Updated: Mar 25, 2019


First published in Parenting magazine on April 19,1994. Magazine no longer being published.


 

Moments of joy are a continuous experience with a growing child. The variety and freshness of experiences builds a trail of memorabilia, and the laughter that accompanied those moments, echoes in one’s ears, way beyond the barriers of time. Not that all of it is provided by one’s child alone. In part, at least, we build up on their activities to finally create a treasure.
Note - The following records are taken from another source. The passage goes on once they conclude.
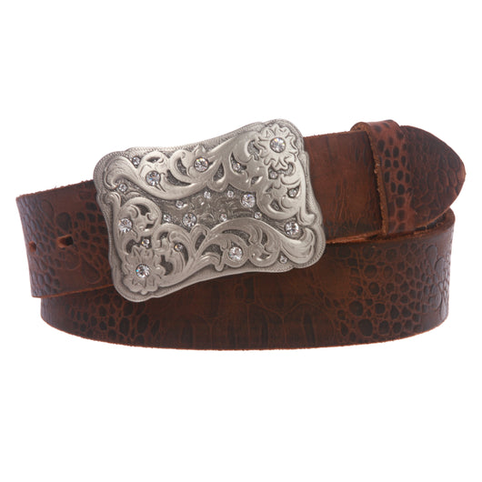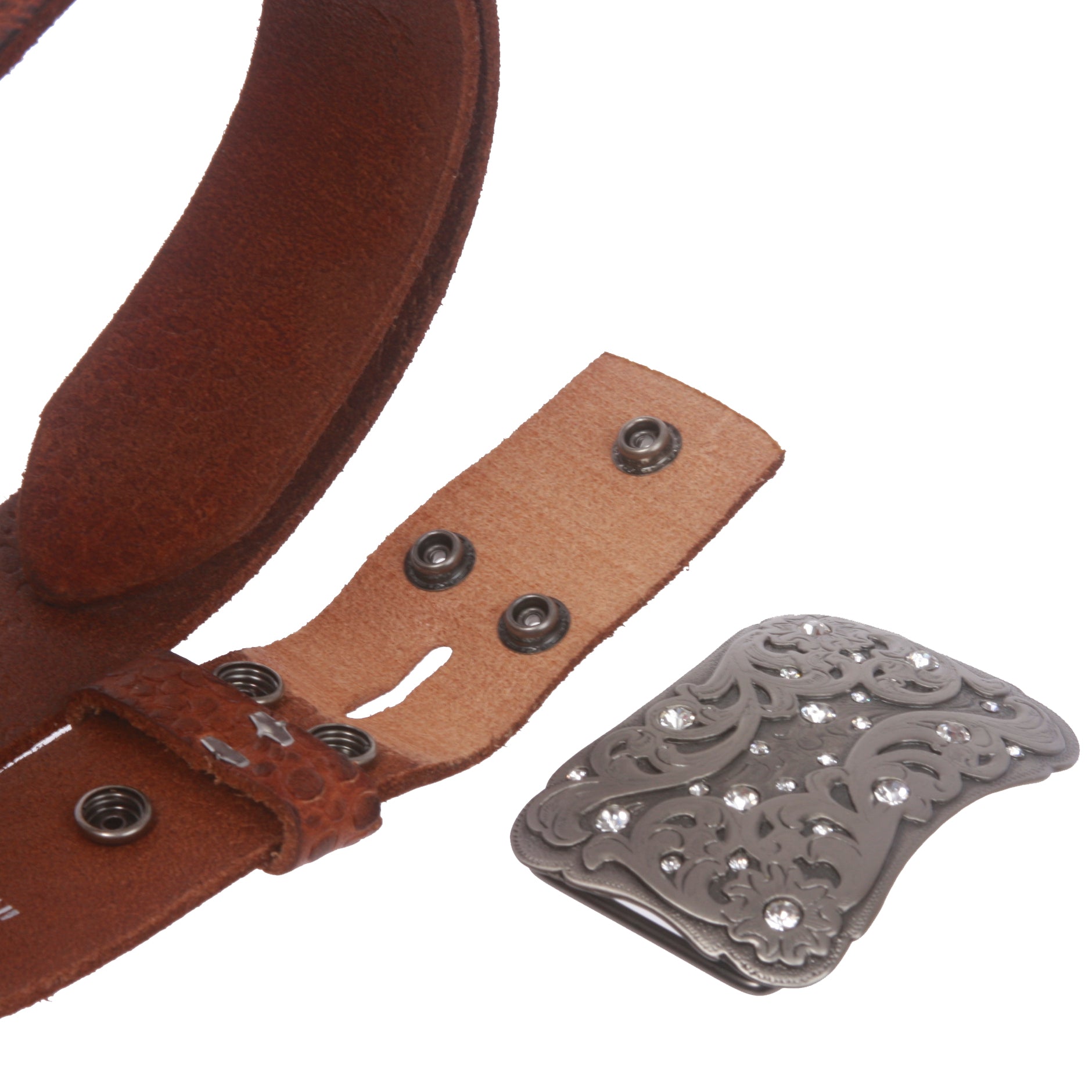 Snap On 1 1/2" Vintage Full Grain Leather Belt with Rhinestone Flower Buckle
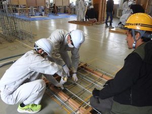 型枠技能士会は、コンクリート構造物を建設する際、コンクリートを流し込むために型枠が必要であることを説明し、熟練技能士の指導のもと、生徒達が型枠の建て込みを体験した。鉄筋業組合技能士会は、建物や構造物を補強するため、コンクリートとセットで内部に鉄筋を組み込むことを解説し、鉄筋の結束に挑戦した。
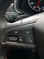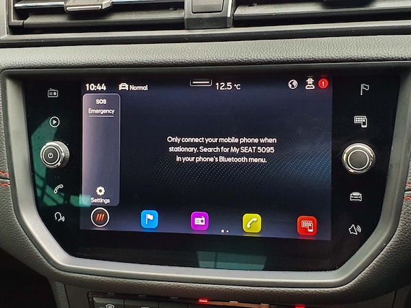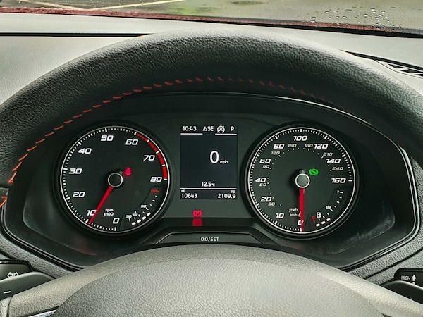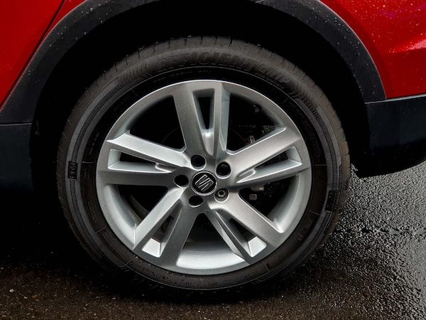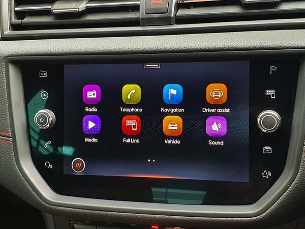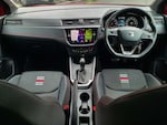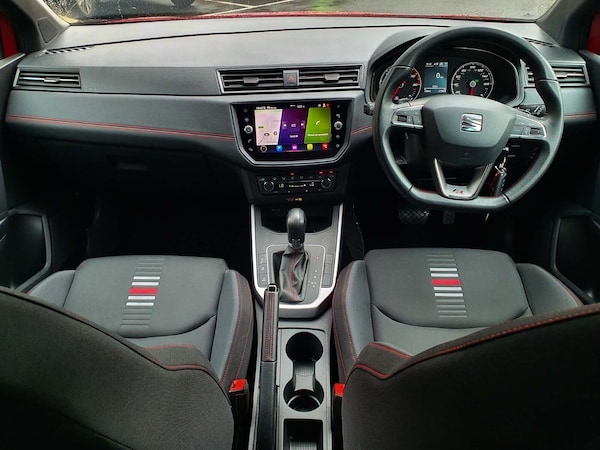 ..'Lights On' Reminder warning buzzer, Cruise control and speed limiter, Digital clock, Electric speed sensitive power steering, Full Link Smartphone Integration with Mirror Link, Apple Car Play, Google Android Auto with USB Type C cable for Apple and Android compatibility, Low fuel warning light, Outside temperature display, Rear parking sensor, RPM counter, Seat connect with safety, service, remote and online, SEAT Drive profile - Four different models normal-sport-eco-individual, steering response, throttle response and gear shifts mode, Trip computer, Sports suspension, Bluetooth interface for hands free and audio streaming, DAB digital radio and AM/FM radio, Steering wheel mounted audio controls, Anti theft roof antenna, Auto dimming interior rear view mirror, Automatic activation of hazard warning lights, Automatic headlights, Body coloured bumpers, Body coloured door handle inserts, Chrome front grille frame, Chrome roof rails, Chrome window trim, Coming/leaving home lighting function, Dark tinted rear windows, Electric front/rear windows with one touch/auto up/down, Electrically adjustable, heated and folding door mirrors, Full LED headlights dipped and mainbeam + front and rear fog lights, LED daytime running lights, LED rear tail lights and licence plate lights, Protective side mouldings, Rain sensing wipers, Rear window wash/wipe, Roof colour door mirrors, Twin exhaust pipe styling hidden exhaust pipe, Visible VIN plate, Windshield wiper with intermittent control and potentiometer, 2 cupholders, 60/40 split folding rear seat, Aircare filter, Black interior roof, Double boot floor, Driver sunvisor with covered mirror + card holder, Dual zone climate control, Front courtesy light with front reading lights, Front sport seats, Gear shift indicator, Height adjustable front seats, Height/reach adjustable steering column, Illuminated boot, Instrument lighting with brightness control, Interior light in footwell, central console and door panel, ISOFIX points in outer rear seats with top tether anchorage points, Multi-colour ambient interior lighting, Nora cloth upholstery, Passenger sunvisor with vanity mirror, Perforated flat bottomed leather steering wheel/gear knob/handbrake with red stitching and FR logo, Steering wheel mounted gearshift paddles, Two front and three rear height adjustable headrests, Connectivity pack plus - Arona, Interior chrome pack - Arona, 3 point seatbelts on all rear seats, ABS, Active front headrests, Child locks on rear

For example when Joy, our son turned up his lips a bit at the corners, one fine morning, and we decided he was smiling. Or, when he first began babbling and I decided what he had said was ‘Papa’ only to be confronted by Mita, my wife, insisting that it was ‘Mama’. Such anecdotes keep piling up as the child grows, but also alongside are the wide array of disturbing experiences at least that is how they appeared then, that go along, too.


When Joy was a couple of months old, one activity that he seemed to be avidly fond of was sucking his thumb. We weren’t too bothered about it. In fact it was quite a help. It kept him happily occupied. He would roll off to sleep with his thumb stuck safely in his mouth. It remained his best pacifier.
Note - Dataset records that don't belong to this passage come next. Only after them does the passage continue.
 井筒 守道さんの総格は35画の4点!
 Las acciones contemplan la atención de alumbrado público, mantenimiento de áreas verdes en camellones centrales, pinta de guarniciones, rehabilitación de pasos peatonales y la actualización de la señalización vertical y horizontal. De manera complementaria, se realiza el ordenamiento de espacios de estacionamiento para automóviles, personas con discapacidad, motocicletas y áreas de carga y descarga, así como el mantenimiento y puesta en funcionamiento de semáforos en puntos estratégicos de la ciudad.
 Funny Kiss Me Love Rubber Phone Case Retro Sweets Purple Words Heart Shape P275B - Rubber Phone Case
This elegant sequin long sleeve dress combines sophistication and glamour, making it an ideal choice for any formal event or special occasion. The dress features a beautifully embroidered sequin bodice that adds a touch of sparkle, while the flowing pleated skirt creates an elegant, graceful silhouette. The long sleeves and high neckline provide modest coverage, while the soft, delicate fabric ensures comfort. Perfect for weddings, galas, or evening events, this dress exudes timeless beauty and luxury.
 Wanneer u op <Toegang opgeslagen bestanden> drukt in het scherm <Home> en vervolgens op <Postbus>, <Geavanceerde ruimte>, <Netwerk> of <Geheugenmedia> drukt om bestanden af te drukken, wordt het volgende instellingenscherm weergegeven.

As he grew, there were exciting changes over the years and fulfilling moments for us. However the position of his thumb, safely tucked in his mouth, remained the same.
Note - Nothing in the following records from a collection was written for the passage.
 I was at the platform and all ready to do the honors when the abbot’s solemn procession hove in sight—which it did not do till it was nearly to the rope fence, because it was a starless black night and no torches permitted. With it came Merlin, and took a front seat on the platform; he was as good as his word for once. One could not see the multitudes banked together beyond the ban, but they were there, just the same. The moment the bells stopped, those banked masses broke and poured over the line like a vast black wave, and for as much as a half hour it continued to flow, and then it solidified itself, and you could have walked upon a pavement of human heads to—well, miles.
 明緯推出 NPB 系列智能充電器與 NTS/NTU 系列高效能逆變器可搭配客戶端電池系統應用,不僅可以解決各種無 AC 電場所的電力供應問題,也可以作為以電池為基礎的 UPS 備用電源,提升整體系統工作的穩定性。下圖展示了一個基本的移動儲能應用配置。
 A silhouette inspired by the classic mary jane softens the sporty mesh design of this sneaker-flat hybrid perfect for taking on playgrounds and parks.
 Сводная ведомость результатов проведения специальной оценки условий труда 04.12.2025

Sometime past his third birthday, we shifted to a flat in a multi storied building. Mita was getting a little upset about his thumb sucking and I was trying to play it cool. Our neighbours, however, were another story. One of the prettier mothers convinced Mita, in one devastating torrent of a lecture, about every resultant evil that could possibly be in store: his thumb growing thin – like a reed; the teeth projecting out (like fangs!); bad stomach upsets on account of sucking a dirty thumb; blah, blah…


Confronted by Mita the same evening, by all that is there to chose between the devil and the deep blue sea, I recited, rather interpreted entire paragraphs from child care books: thumb sucking is normal; up to the age of three it helps the child feel more confident. Beyond the books, I argued, it was his own thumb after all and he had a fundamental right to suck it.


Obviously, we didn’t get anywhere joy’s foggy brains detected instinctively, the likely initiation of an aggression, on his priorities in life. After all, I am sure he couldn’t be bothered less whether he was going to sport a thumb or a reed, tomorrow… As for fangs instead of teeth, it didn’t appear to make any sense to him. He took to sucking his thumb a little more vigorously, hiding it behind him when we, I am afraid, admonished him.


We weren’t too bothered about it, in fact it was quite a help, it kep him happily occupied. He would rolloff to sleep with his thumb stuck safely in his mouth.


In a multi-storied of flats there is hardly a chance of avoiding a pretty neighbour. The worst experienced as far as I am concerned is getting caught while taking the lift together. Our pretty neighbour was very fond of Joy and made it a point to enquire after him in detail during any such mishaps. The effect on Mita was predictable. Very soon joy’ s thumb sucking because the bane of our lives.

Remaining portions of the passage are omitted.